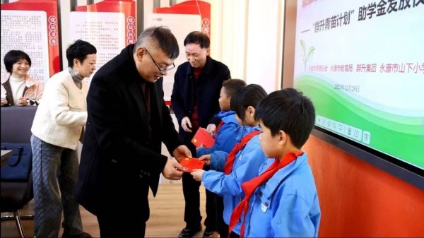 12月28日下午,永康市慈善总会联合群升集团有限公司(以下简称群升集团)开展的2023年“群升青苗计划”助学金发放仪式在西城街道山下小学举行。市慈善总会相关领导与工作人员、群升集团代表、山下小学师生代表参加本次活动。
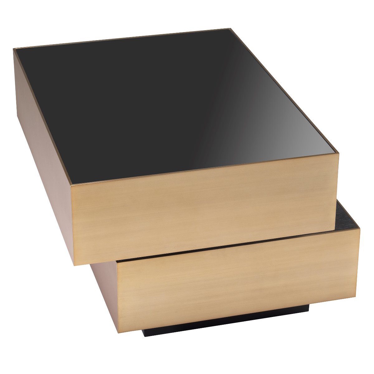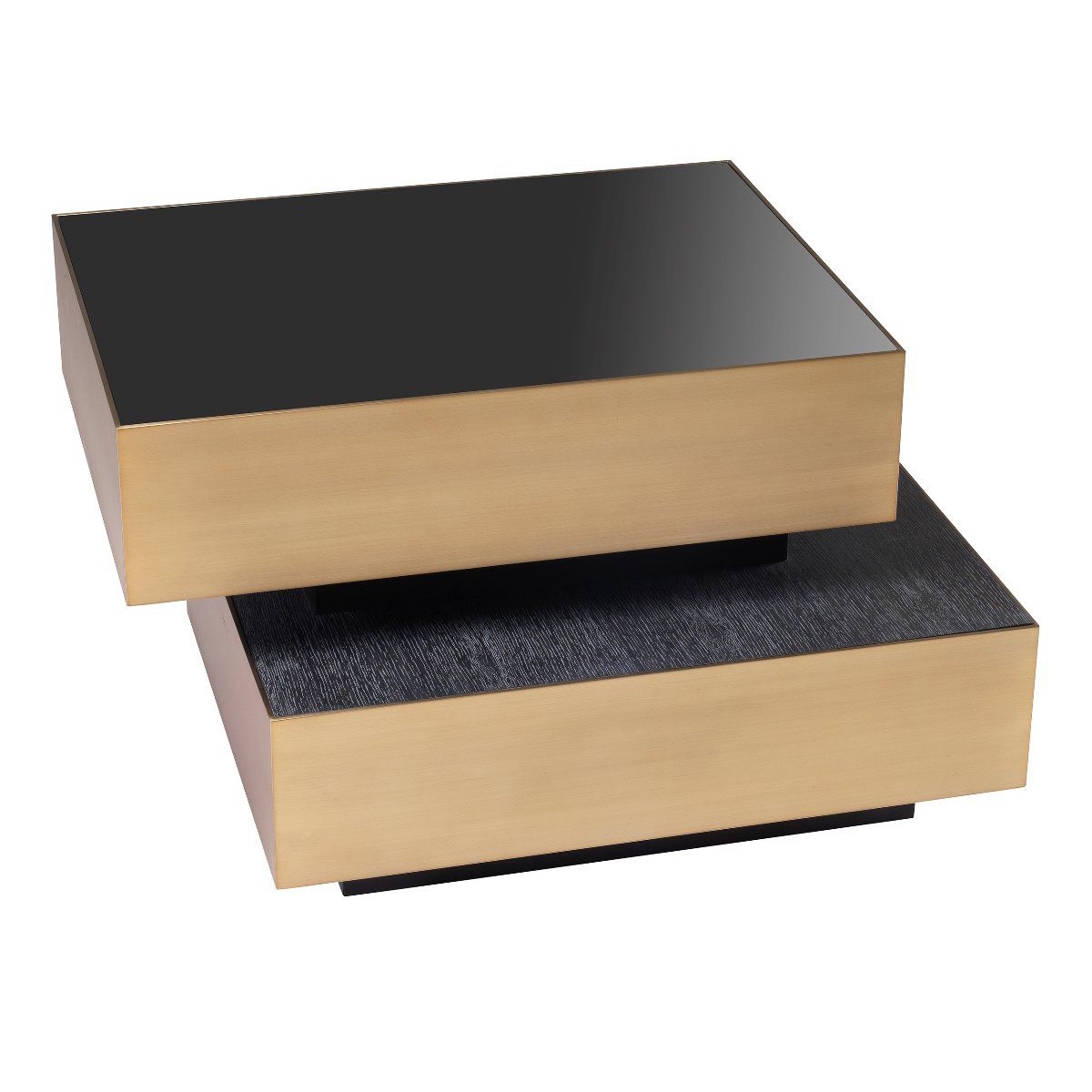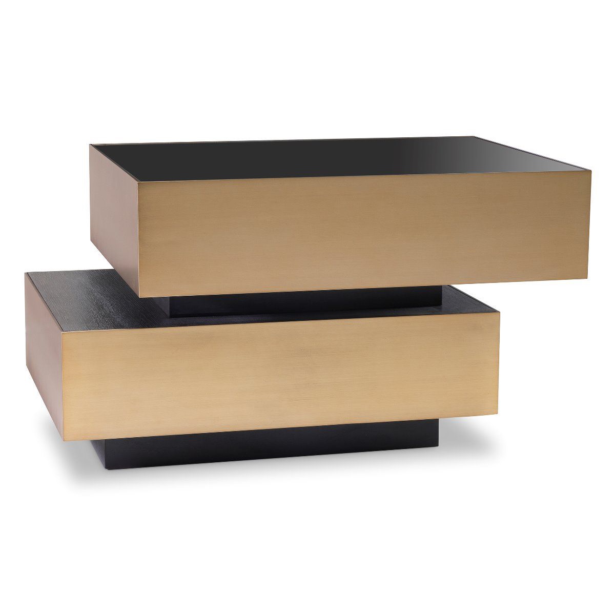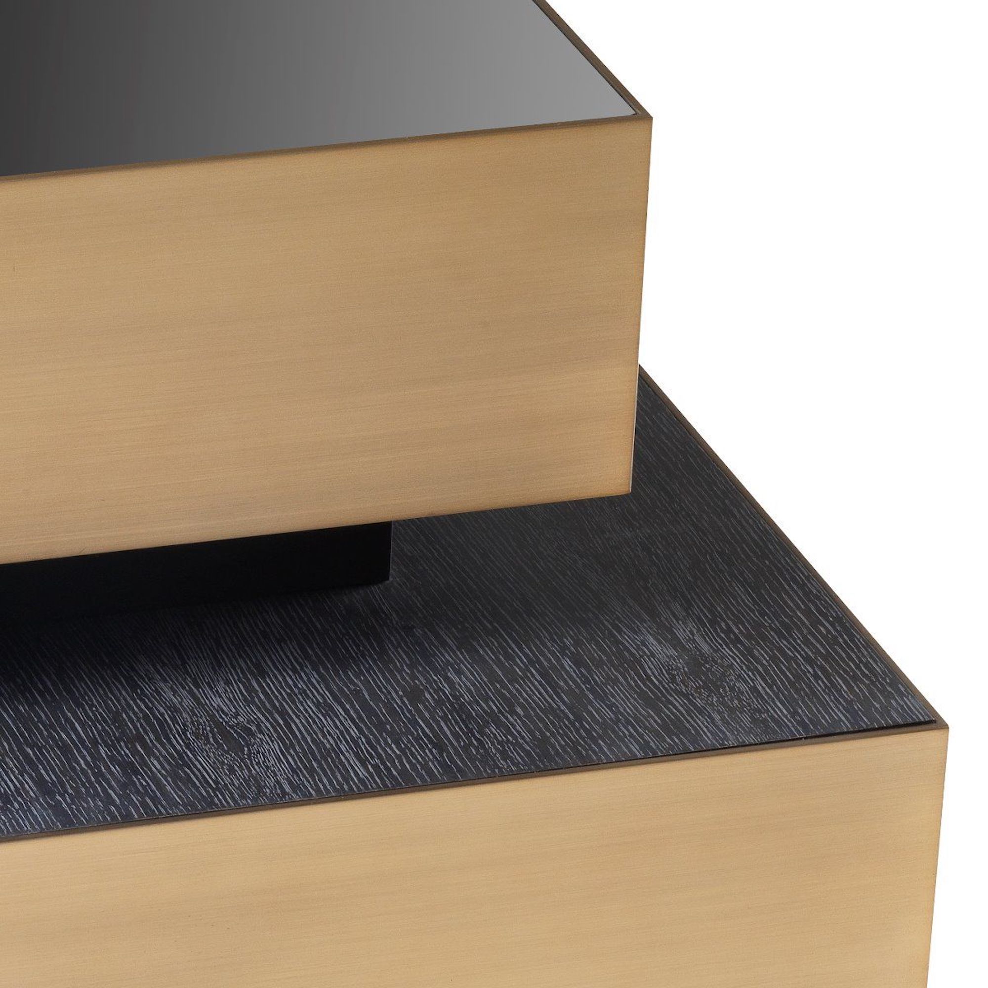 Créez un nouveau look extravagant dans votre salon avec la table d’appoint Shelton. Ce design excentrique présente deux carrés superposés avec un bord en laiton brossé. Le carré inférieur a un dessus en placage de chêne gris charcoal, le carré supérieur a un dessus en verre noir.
* * *
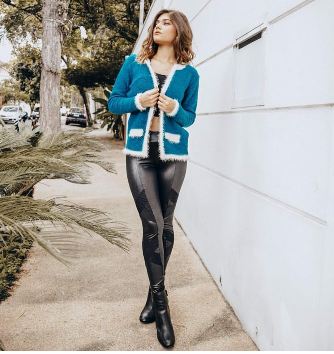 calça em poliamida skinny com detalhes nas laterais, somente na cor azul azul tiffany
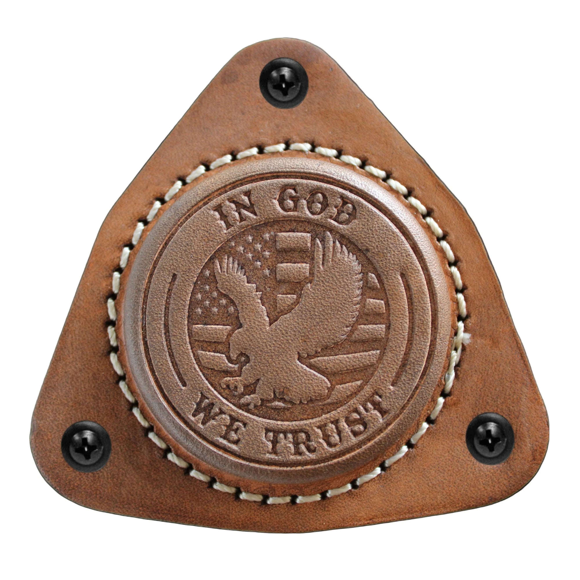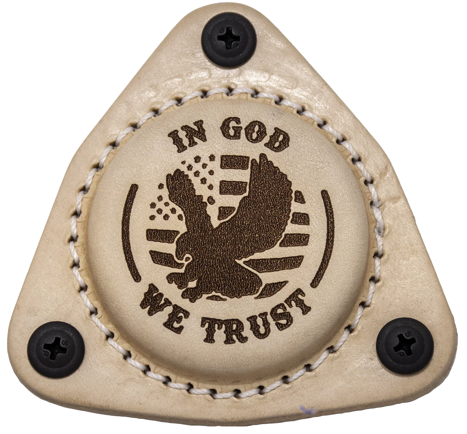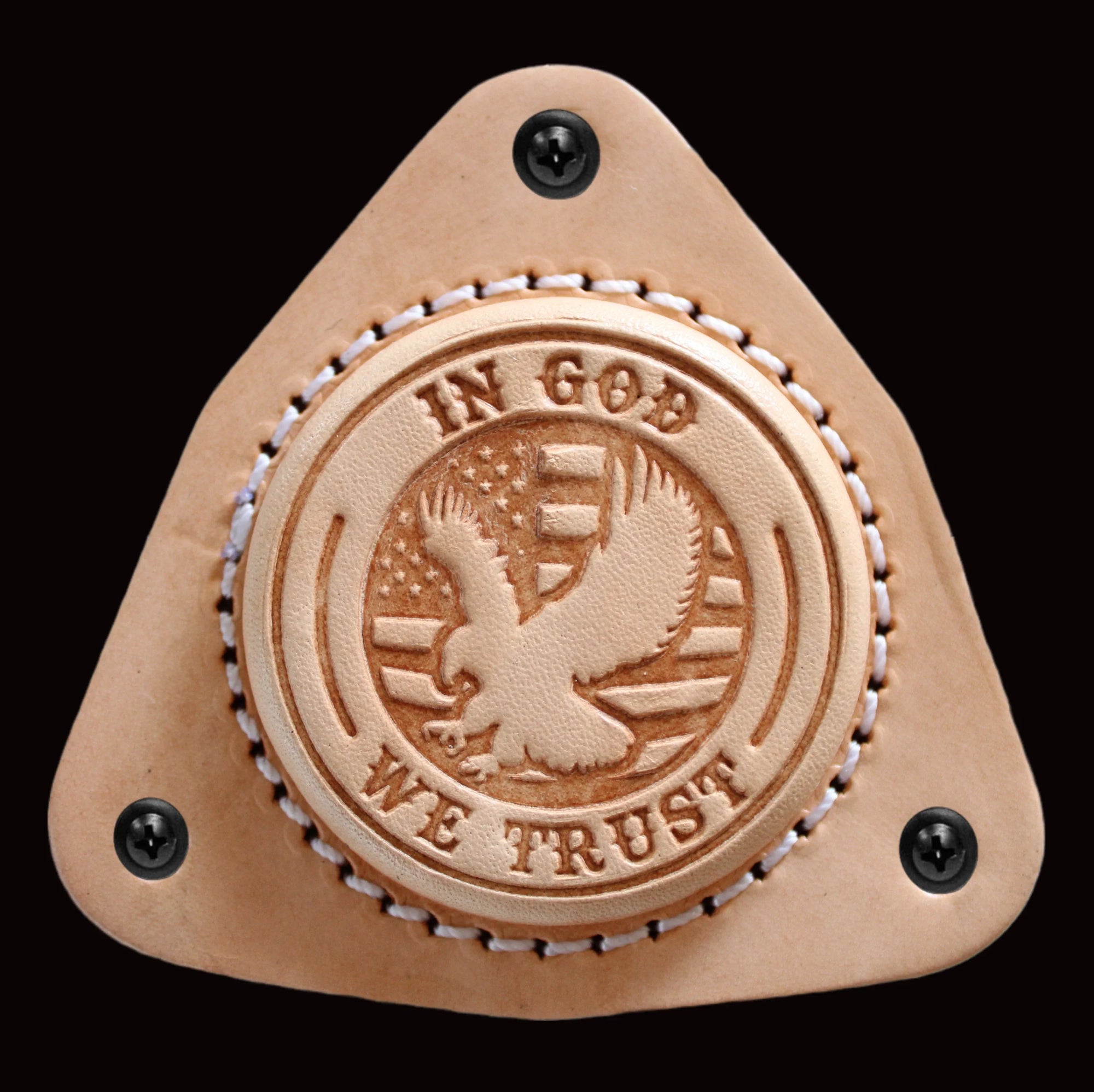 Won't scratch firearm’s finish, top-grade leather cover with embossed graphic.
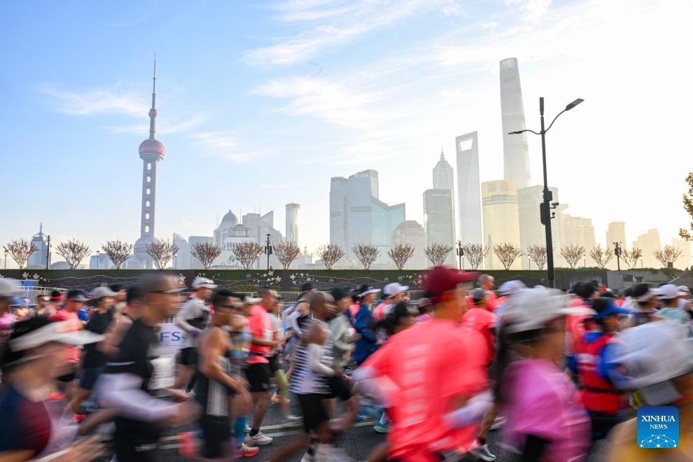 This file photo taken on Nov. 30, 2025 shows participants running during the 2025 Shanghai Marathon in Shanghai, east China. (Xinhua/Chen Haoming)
* * *
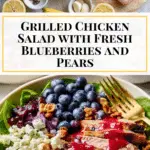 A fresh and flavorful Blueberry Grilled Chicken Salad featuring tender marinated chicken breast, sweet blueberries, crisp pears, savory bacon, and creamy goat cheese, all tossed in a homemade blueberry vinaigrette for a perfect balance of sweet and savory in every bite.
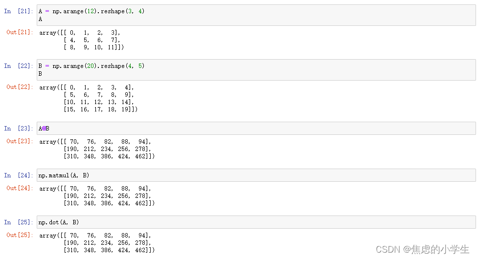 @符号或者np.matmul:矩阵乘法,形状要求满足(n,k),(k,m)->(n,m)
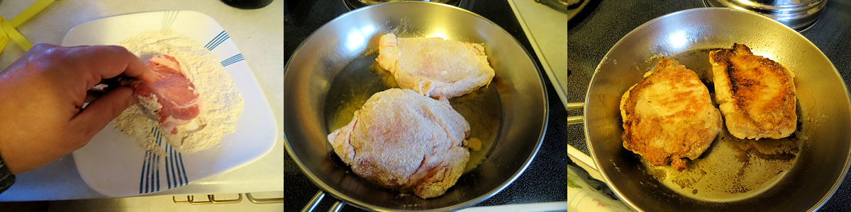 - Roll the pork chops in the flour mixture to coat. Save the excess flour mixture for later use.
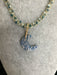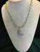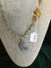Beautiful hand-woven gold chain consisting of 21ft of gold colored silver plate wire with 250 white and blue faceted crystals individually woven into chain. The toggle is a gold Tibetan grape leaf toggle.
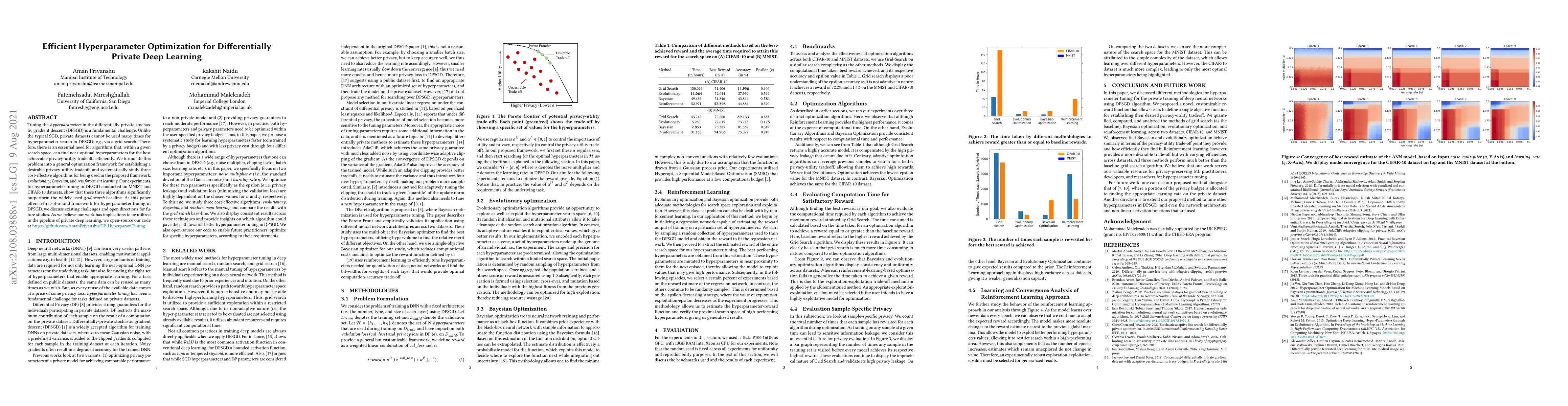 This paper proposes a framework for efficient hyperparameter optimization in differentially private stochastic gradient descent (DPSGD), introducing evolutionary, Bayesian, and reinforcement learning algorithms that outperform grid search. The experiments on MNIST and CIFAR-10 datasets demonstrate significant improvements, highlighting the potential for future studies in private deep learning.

▶ **Exercise goal**
Up in the listing, locate the line with "Won't scratch firearm’s"; print it and every line after it down to the line with "This file photo", which is included too. Skip the pictures.

▶ **Exercise result**
 Won't scratch firearm’s finish, top-grade leather cover with embossed graphic.
 This file photo taken on Nov. 30, 2025 shows participants running during the 2025 Shanghai Marathon in Shanghai, east China. (Xinhua/Chen Haoming)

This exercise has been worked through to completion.